Today, the author of the book in question is bent on unravelling the facts behind the aborted journey to space; even as he wants the site to be made into a kind of tourist attraction. He wrote the book by conducting extensive interviews with some elders of the town.
Speaking at the book launch, the author, Uchendu, said his people made inquiries about the moon, just as Galileo did. He urged the present society to learn from those young men on how to conquer the obstacles in their lives.
He believed that those young men were able to conquer their immediate needs and attempted to climb to the moon.
'Nigerians should see these young men as early scientists making inquiries,' Uchendu said, urging them to quest beyond their immediate environment and make sacrifices; not just looking for bread and butter.
The town, according to him, would have preferred to build a museum at the site with the N20m grant by the state government, but the state government rather preferred an event centre there which, it believed, would benefit more people.

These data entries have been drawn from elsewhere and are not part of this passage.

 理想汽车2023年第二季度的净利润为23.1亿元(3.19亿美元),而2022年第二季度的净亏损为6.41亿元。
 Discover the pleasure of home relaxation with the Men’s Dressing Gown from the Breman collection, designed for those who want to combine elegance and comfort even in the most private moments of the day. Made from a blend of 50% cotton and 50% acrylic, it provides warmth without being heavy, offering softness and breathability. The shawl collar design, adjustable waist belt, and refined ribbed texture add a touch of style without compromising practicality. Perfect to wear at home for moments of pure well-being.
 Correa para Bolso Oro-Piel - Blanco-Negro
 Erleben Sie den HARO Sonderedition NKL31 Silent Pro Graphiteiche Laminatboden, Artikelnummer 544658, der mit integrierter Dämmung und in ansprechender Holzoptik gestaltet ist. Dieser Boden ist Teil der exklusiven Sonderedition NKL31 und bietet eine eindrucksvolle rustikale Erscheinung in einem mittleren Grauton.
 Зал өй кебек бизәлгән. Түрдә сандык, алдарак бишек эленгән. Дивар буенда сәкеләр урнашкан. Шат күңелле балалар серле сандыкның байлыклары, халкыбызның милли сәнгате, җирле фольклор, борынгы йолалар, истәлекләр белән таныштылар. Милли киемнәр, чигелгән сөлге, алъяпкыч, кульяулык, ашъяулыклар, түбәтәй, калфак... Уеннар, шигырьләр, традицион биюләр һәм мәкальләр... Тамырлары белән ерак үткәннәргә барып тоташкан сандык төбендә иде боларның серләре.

The reviewer of the book, Prof Mrs Ifeyinwa Emejulu, of the Department of History and International Studies, Nnamdi Azikiwe University, Awka, said the title of the book easily elicited interest, as Nigeria was never connected with space travel.
She called on Nnokwa people to get archeologists to investigate the site where the event took place, especially at the site of the crater made by the fall of the young men. She believed such an investigation would go a long way in unravelling the mystery of the attempted space exploration.
She also called for functional labs for the preservation of artefacts, just as she noted that Africans had a world view and interpreted things the way they saw them.
She thanked the author for capturing information that would have been lost, as well as preserving the town's oral tradition.
Prof Emejulu said that archeological excavation of the site was long overdue, reiterating her belief that it would reveal a lot about the saga.
While unveiling the book, Dr Obiorah Chukwurah, expressed joy that the first attempt at space travel took place in Nnokwa, even without technological advancement.
The occasion was chaired by Chief Didactus Uchendu.